--- The data ---

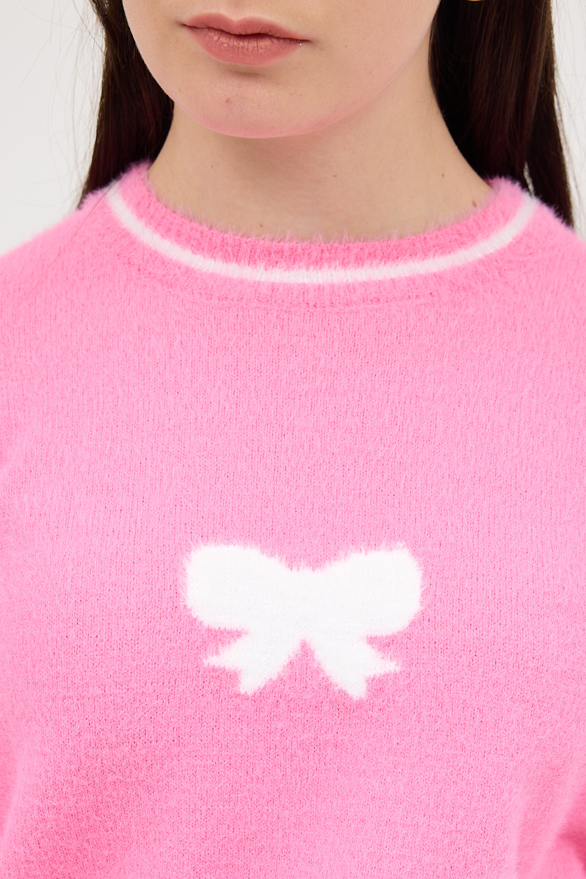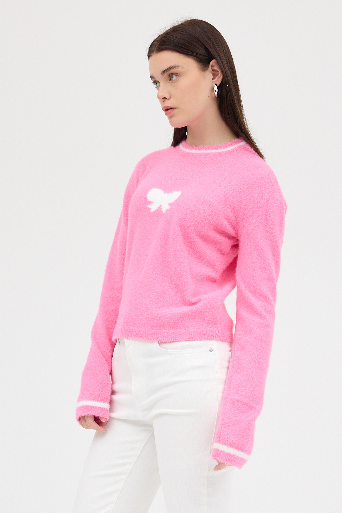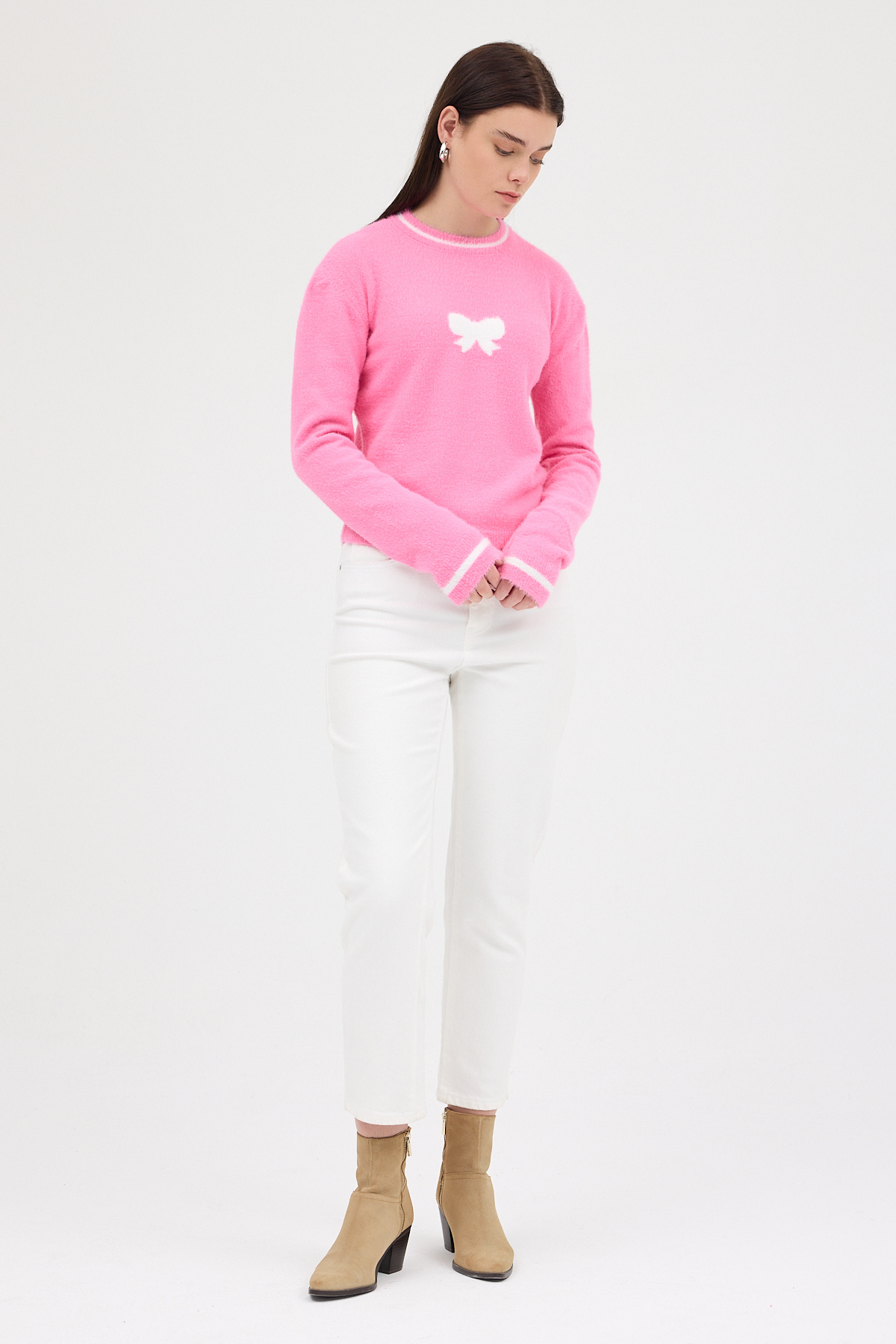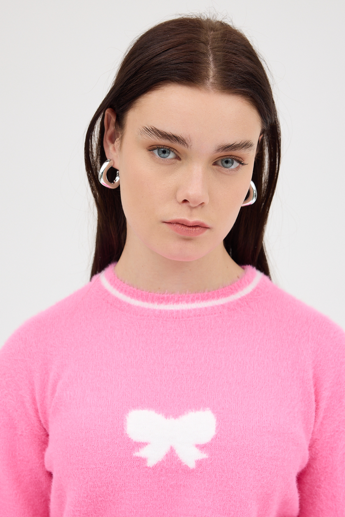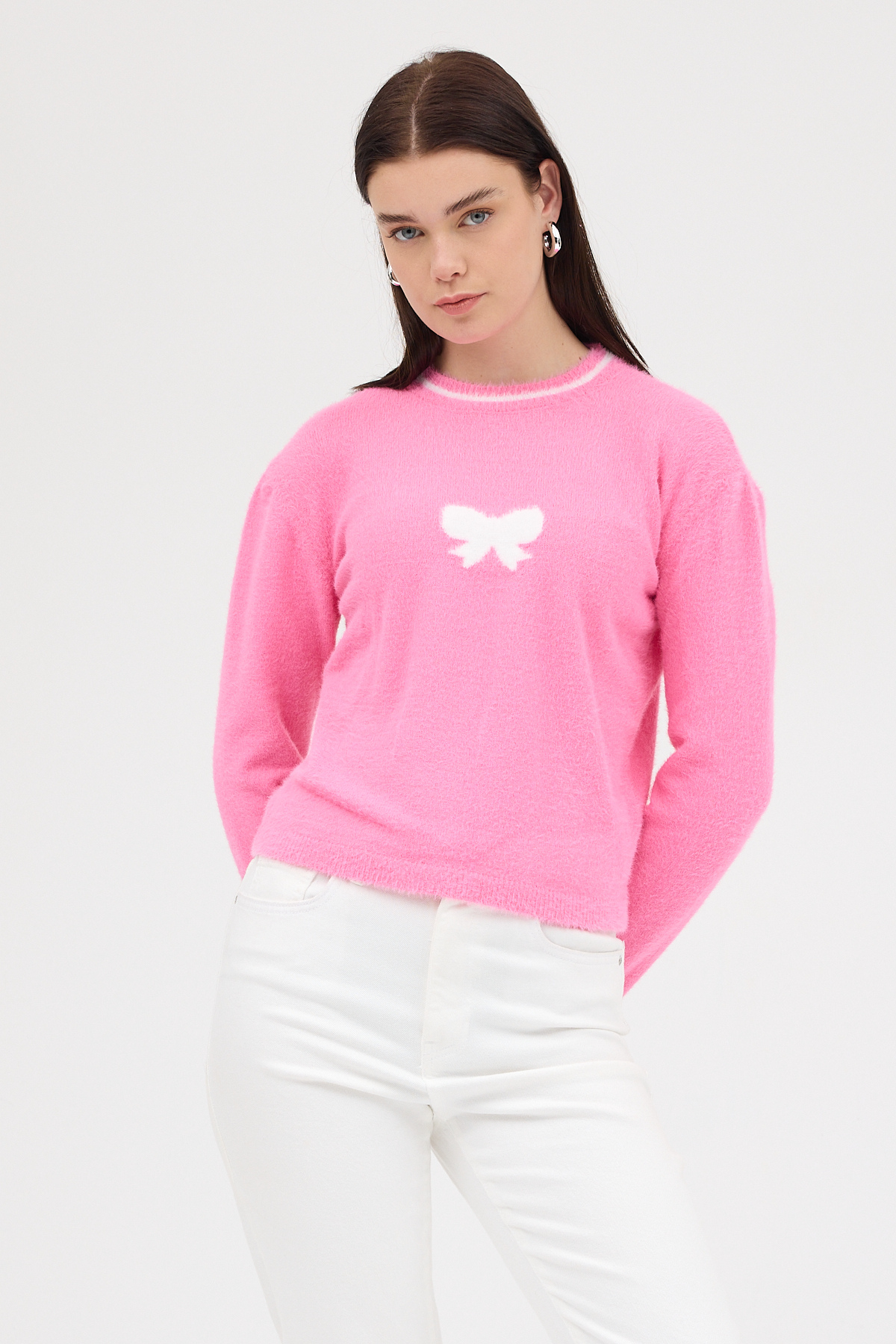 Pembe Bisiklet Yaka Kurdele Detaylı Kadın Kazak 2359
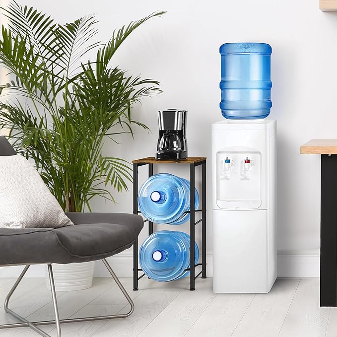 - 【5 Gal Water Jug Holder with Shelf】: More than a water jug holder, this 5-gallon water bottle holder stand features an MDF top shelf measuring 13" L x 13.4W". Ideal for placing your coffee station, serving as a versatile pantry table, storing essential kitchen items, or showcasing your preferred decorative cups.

---
--- The data ---

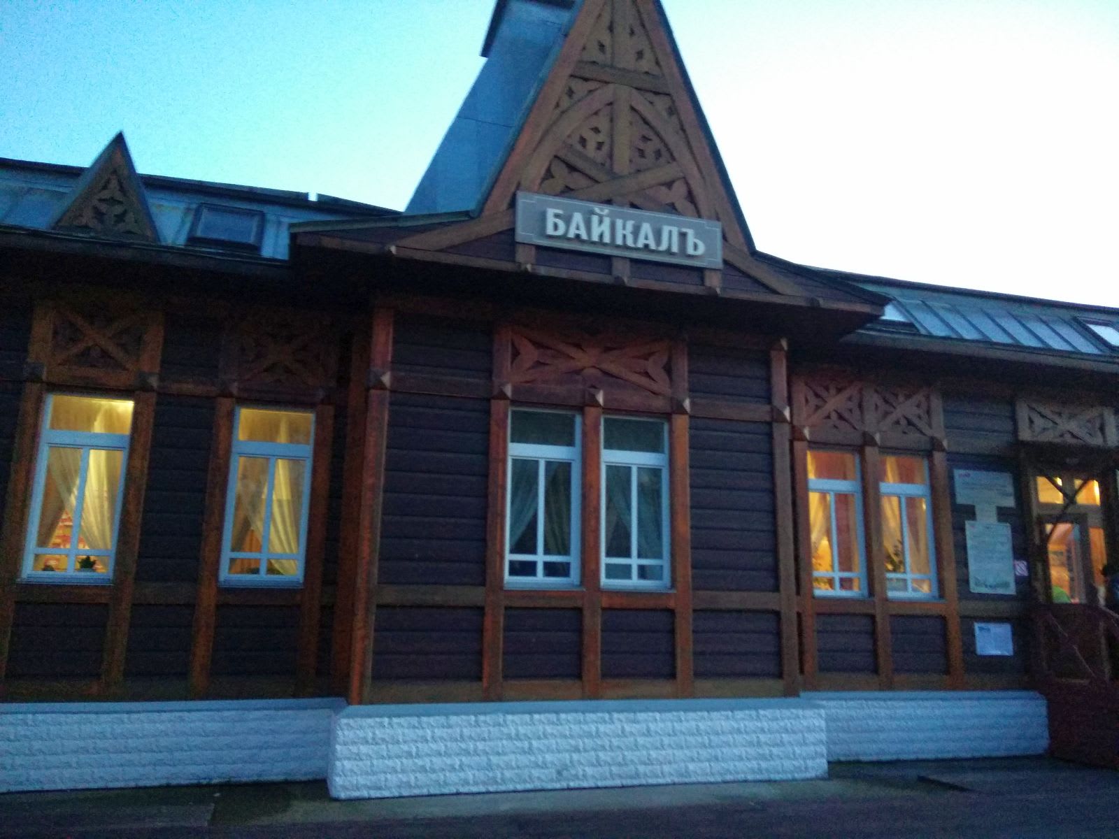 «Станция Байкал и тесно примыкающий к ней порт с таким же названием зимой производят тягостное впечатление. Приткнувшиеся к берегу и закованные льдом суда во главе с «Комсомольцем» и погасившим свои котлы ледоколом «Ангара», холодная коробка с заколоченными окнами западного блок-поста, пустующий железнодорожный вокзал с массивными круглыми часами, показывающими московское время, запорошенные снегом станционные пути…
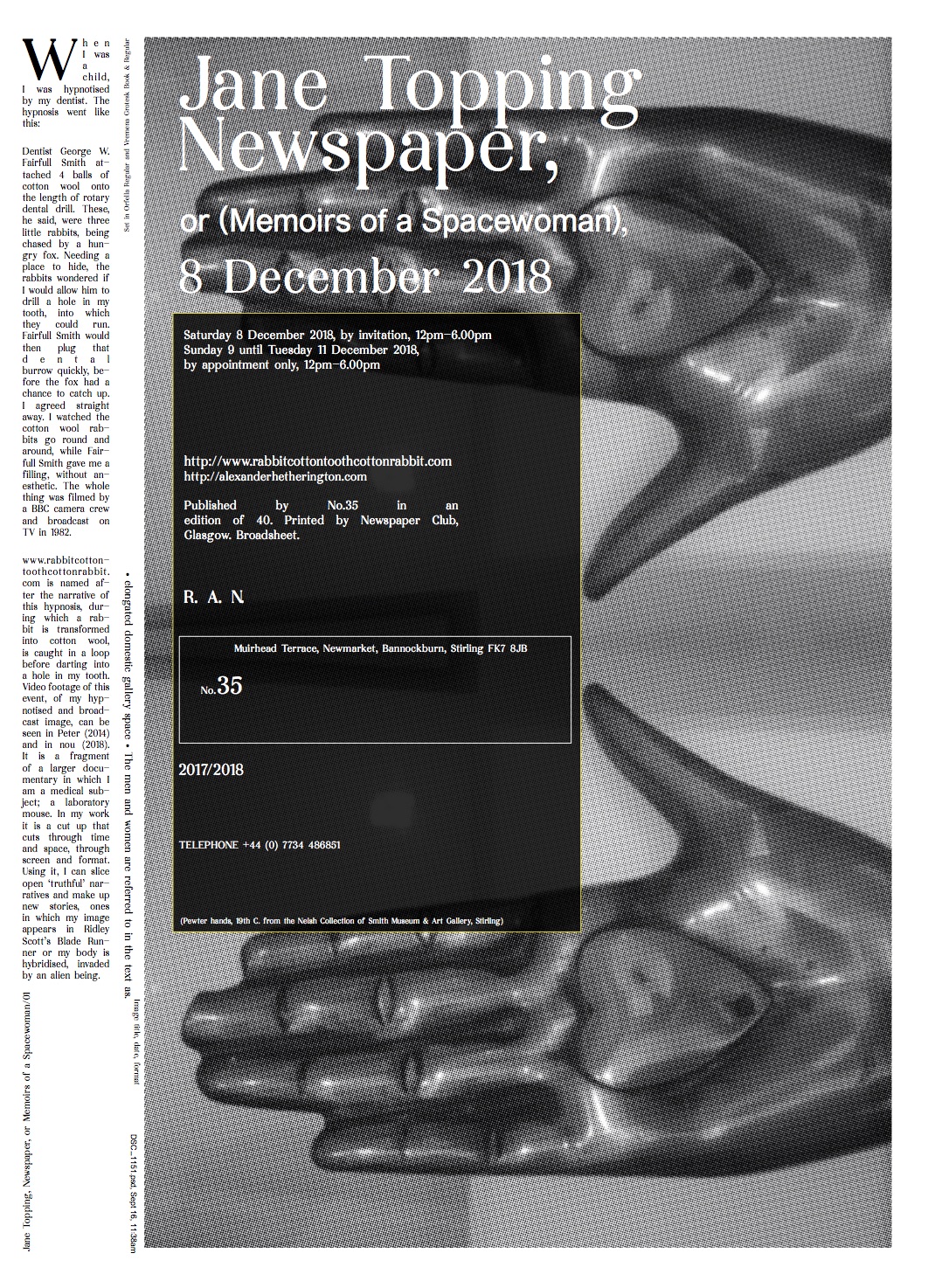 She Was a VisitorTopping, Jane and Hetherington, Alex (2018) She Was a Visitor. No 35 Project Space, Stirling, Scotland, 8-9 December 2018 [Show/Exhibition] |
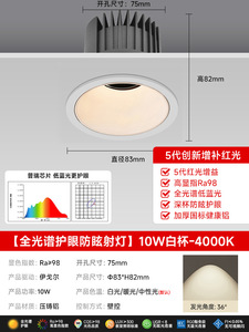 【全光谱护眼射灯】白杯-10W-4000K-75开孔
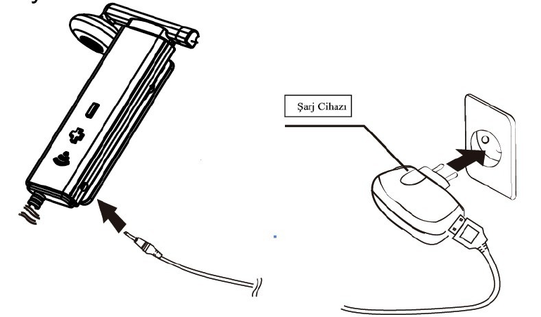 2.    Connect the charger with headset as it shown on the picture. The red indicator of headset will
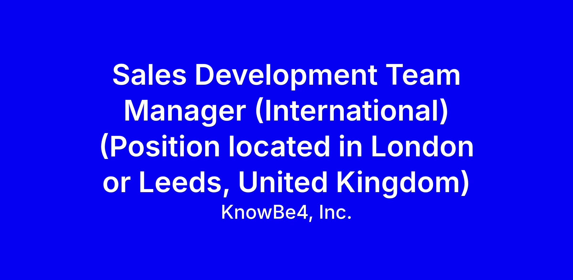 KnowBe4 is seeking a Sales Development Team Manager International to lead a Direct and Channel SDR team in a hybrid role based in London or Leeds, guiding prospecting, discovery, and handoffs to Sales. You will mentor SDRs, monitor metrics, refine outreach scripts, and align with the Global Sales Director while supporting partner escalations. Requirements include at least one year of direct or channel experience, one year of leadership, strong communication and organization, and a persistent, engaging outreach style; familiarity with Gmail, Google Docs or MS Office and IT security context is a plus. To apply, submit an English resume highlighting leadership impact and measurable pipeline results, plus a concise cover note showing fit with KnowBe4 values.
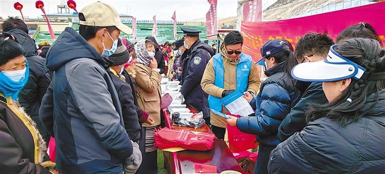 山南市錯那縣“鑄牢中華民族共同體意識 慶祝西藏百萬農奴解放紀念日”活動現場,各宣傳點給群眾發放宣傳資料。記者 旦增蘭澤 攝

---
--- The data ---

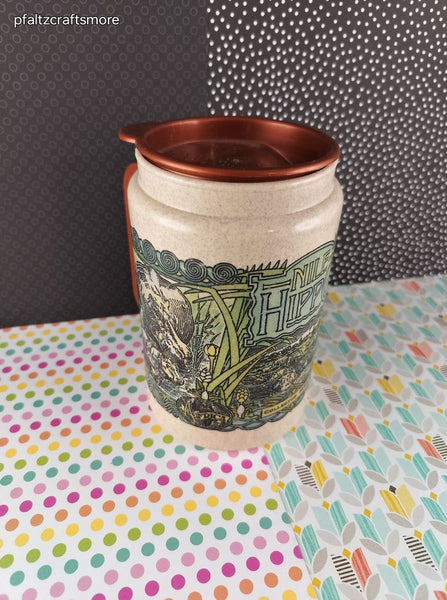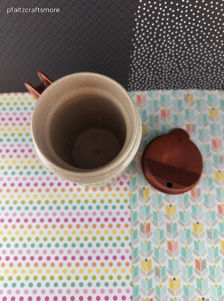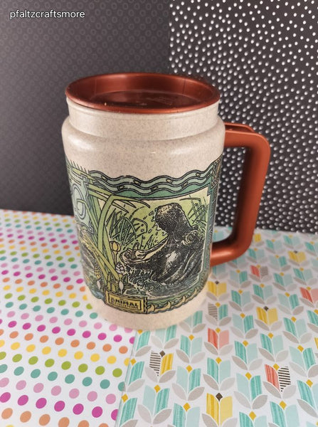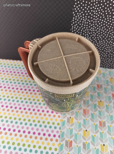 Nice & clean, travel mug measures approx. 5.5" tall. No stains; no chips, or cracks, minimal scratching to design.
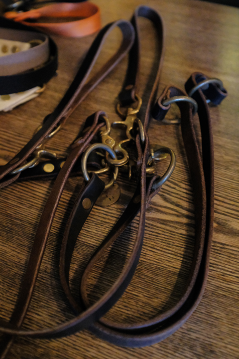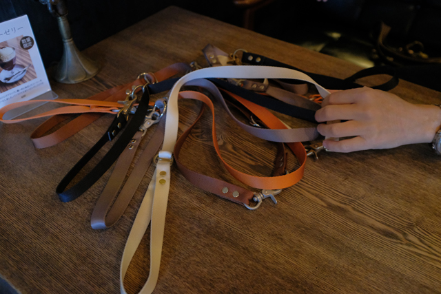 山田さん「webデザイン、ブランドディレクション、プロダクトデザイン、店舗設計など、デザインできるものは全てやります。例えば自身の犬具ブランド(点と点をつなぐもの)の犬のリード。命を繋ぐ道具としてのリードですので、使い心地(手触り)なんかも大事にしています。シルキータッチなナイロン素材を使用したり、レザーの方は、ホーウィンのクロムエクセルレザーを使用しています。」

---

_What you need to do_: Now transcribe the lines above exactly, starting at the line containing "She Was a VisitorTopping, Jane" and ending at the line containing "of headset will", both lines included, pictures excluded.

_Output_:
 She Was a VisitorTopping, Jane and Hetherington, Alex (2018) She Was a Visitor. No 35 Project Space, Stirling, Scotland, 8-9 December 2018 [Show/Exhibition] |
 【全光谱护眼射灯】白杯-10W-4000K-75开孔
 2.    Connect the charger with headset as it shown on the picture. The red indicator of headset will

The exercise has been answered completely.